Collected data
■ ■ ■ ■ ■ ■ ■

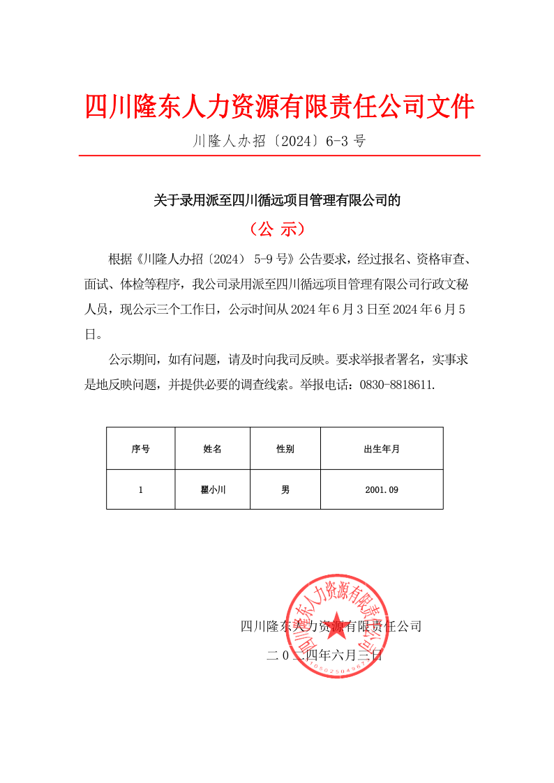 關(guān)于招聘派遣至瀘州白酒產(chǎn)業(yè)園區(qū)綜合服務(wù)中心勞務(wù)工作人員的公 告因工作需要,四川隆東人力資源有限責(zé)任公司受瀘州白酒產(chǎn)業(yè)園區(qū)綜合服務(wù)中心委托,面向社會公開招聘勞務(wù)派遣工作人員,現(xiàn)將有關(guān)招聘事項公告如下:一、公告發(fā)布2024年08月02日,由四川隆東人力資源有限責(zé)任公司公開對外發(fā)布招聘公告。二、招聘范圍面...
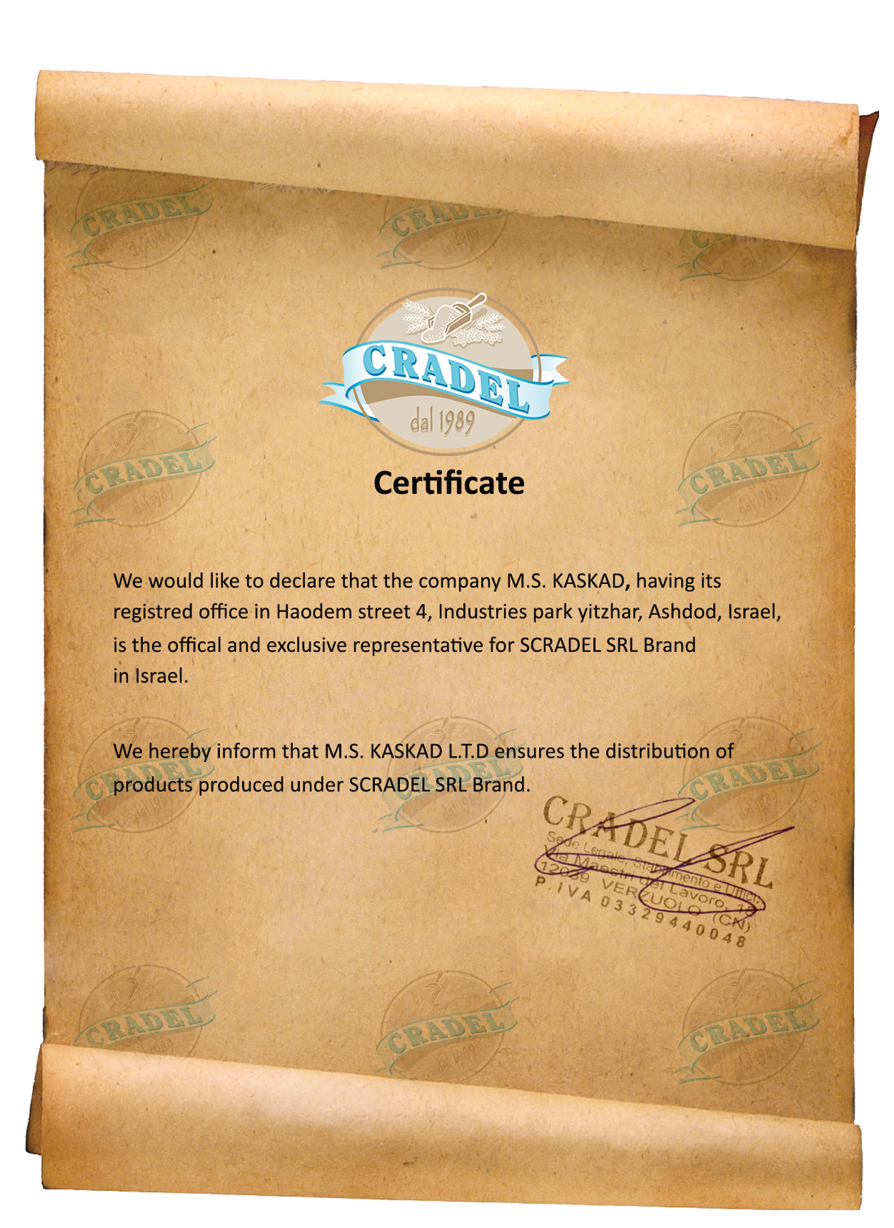 Cradel was started up in 1989 by the will of owners stiano e Luca. We started this cooperation when we were very young (17 y.o. Cristiano and 24 y.o. Cianluca), we were so enthusiastic about this and we really wanted to capitalize on our knowledges of the trade of a baker and pastry we had learned at home. We established our company relying on experiences into the field of homemade patisserie and bakery completed by previous We’ve always seen our parents kneading and baking: that’s how basis production. We started in the little workshop dow alia (corn pastries) e bugie (sweet e street and since then we’ve come a long way. Cookies, tarts, crumble tarts, rusks, biscuits for carnival): the range of products decome more and more various.
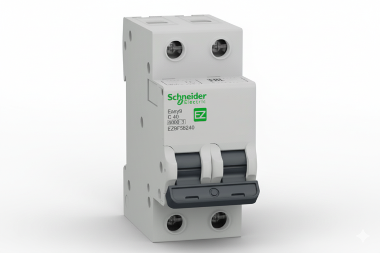 This Easy9 product is a low voltage miniature circuit breaker (MCB). It is a 2P circuit breaker with 2 protected poles and 40A In rated current and C tripping curve. The rated short circuit breaking capacity goes up to 10000A at 220VAC conforming to IEC 60898-1 standard. It is compliant with IEC 60898-1 standard. This product has a protection against short circuit and a protection of cable against overloads. It has a fault tripping indication on the front panel by the position of the handle (O-I engraved). This product is dedicated for residential and small commercial buildings. It has an electrical endurance going up to 4000 cycles and a mechanical endurance going up to 10000 cycles. The Ue operational voltage is 220VAC. The Ui rated insulation voltage is 500VAC. The Uimp rated impulse withstand voltage is 4kV. The operating frequency is 50Hz or 60Hz. It can be mounted on DIN rail for modular installation. Its width is 4 pitches of 9mm. The product colour is light grey (RAL7035). The dimensions are (W) 36mm x (H) 81mm x (D) 66.5mm. According to IEC 60529 standard, the degree of protection is IP20 and IP40 in enclosure. The operating temperature is -5°C to 60°C. The storage temperature is -40°C to 85°C.
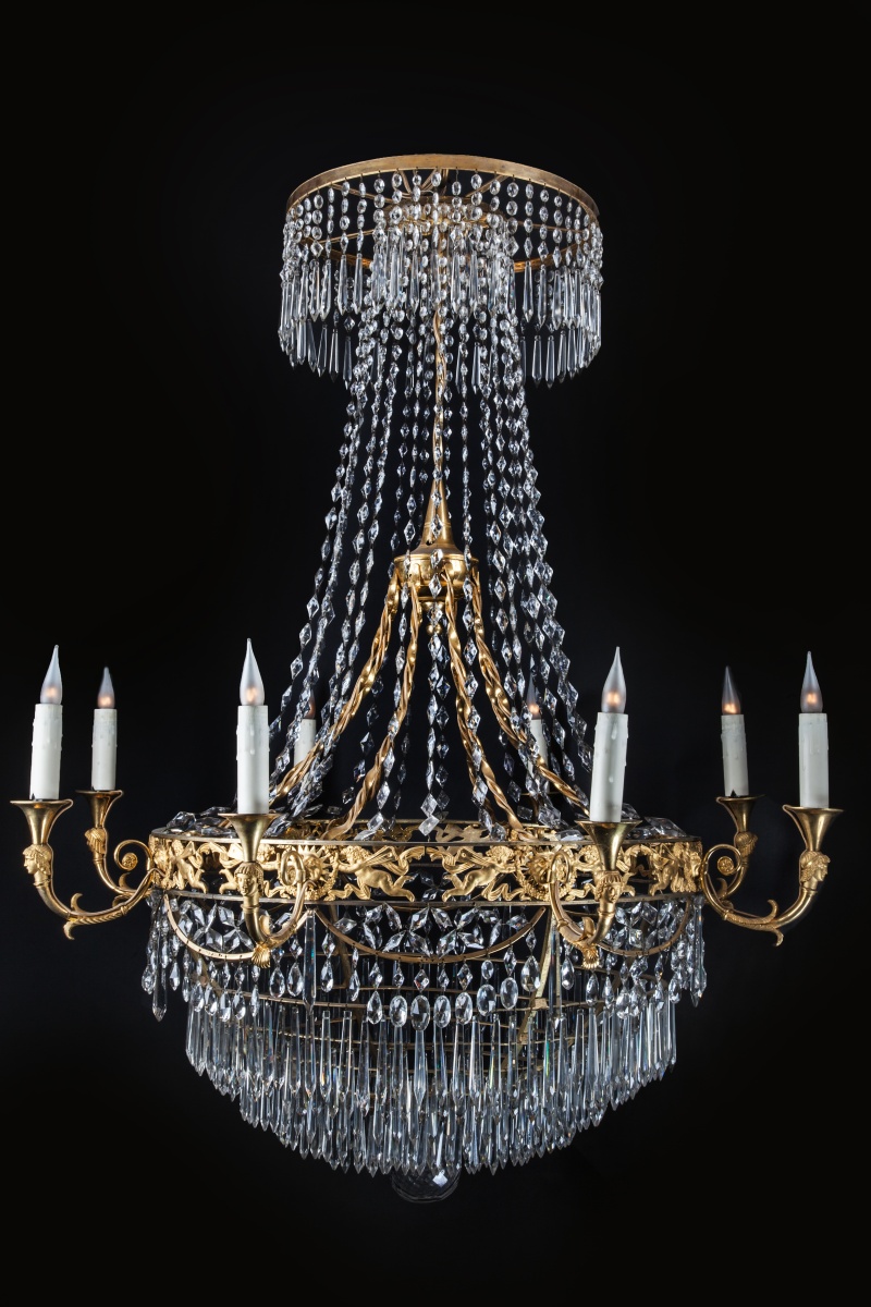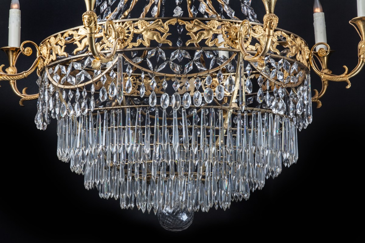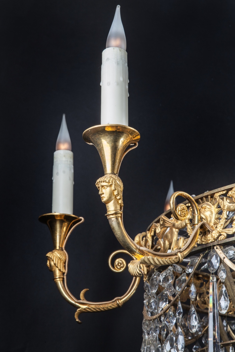 LUSTRE corbeille à six lumières à têtes de personnages à couronne ajourée décorée d'une course de zéphyrs, soleils rayonnants et guirlandes. Ornementation d'olives et pampilles de cristal taillé.
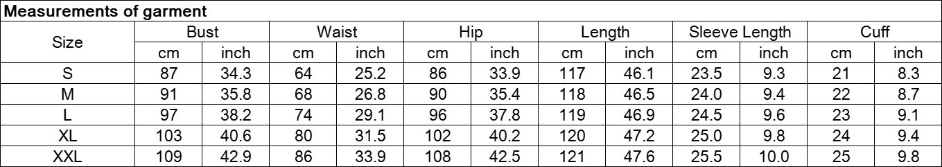 Note: The Measurements of the garment charts may vary due to different products or suppliers.
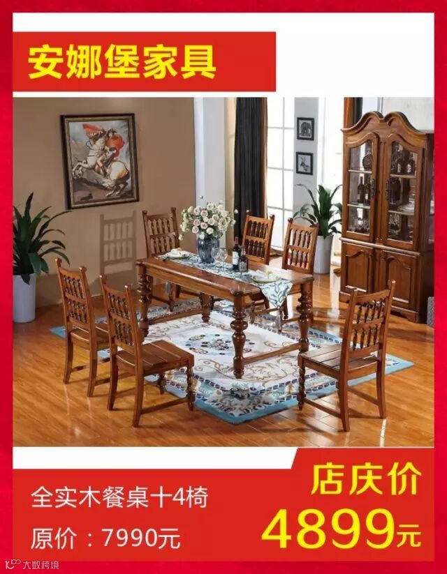 店庆价4488元 皇朝家私全实木餐台椅1+4

■ ■ ■ ■ ■ ■ ■

**Work to complete:** Your response must reproduce every line of the data exactly, with images omitted.

**Solution to this task:**
 關(guān)于招聘派遣至瀘州白酒產(chǎn)業(yè)園區(qū)綜合服務(wù)中心勞務(wù)工作人員的公 告因工作需要,四川隆東人力資源有限責(zé)任公司受瀘州白酒產(chǎn)業(yè)園區(qū)綜合服務(wù)中心委托,面向社會公開招聘勞務(wù)派遣工作人員,現(xiàn)將有關(guān)招聘事項公告如下:一、公告發(fā)布2024年08月02日,由四川隆東人力資源有限責(zé)任公司公開對外發(fā)布招聘公告。二、招聘范圍面...
 Cradel was started up in 1989 by the will of owners stiano e Luca. We started this cooperation when we were very young (17 y.o. Cristiano and 24 y.o. Cianluca), we were so enthusiastic about this and we really wanted to capitalize on our knowledges of the trade of a baker and pastry we had learned at home. We established our company relying on experiences into the field of homemade patisserie and bakery completed by previous We’ve always seen our parents kneading and baking: that’s how basis production. We started in the little workshop dow alia (corn pastries) e bugie (sweet e street and since then we’ve come a long way. Cookies, tarts, crumble tarts, rusks, biscuits for carnival): the range of products decome more and more various.
 This Easy9 product is a low voltage miniature circuit breaker (MCB). It is a 2P circuit breaker with 2 protected poles and 40A In rated current and C tripping curve. The rated short circuit breaking capacity goes up to 10000A at 220VAC conforming to IEC 60898-1 standard. It is compliant with IEC 60898-1 standard. This product has a protection against short circuit and a protection of cable against overloads. It has a fault tripping indication on the front panel by the position of the handle (O-I engraved). This product is dedicated for residential and small commercial buildings. It has an electrical endurance going up to 4000 cycles and a mechanical endurance going up to 10000 cycles. The Ue operational voltage is 220VAC. The Ui rated insulation voltage is 500VAC. The Uimp rated impulse withstand voltage is 4kV. The operating frequency is 50Hz or 60Hz. It can be mounted on DIN rail for modular installation. Its width is 4 pitches of 9mm. The product colour is light grey (RAL7035). The dimensions are (W) 36mm x (H) 81mm x (D) 66.5mm. According to IEC 60529 standard, the degree of protection is IP20 and IP40 in enclosure. The operating temperature is -5°C to 60°C. The storage temperature is -40°C to 85°C.
 LUSTRE corbeille à six lumières à têtes de personnages à couronne ajourée décorée d'une course de zéphyrs, soleils rayonnants et guirlandes. Ornementation d'olives et pampilles de cristal taillé.
 Note: The Measurements of the garment charts may vary due to different products or suppliers.
 店庆价4488元 皇朝家私全实木餐台椅1+4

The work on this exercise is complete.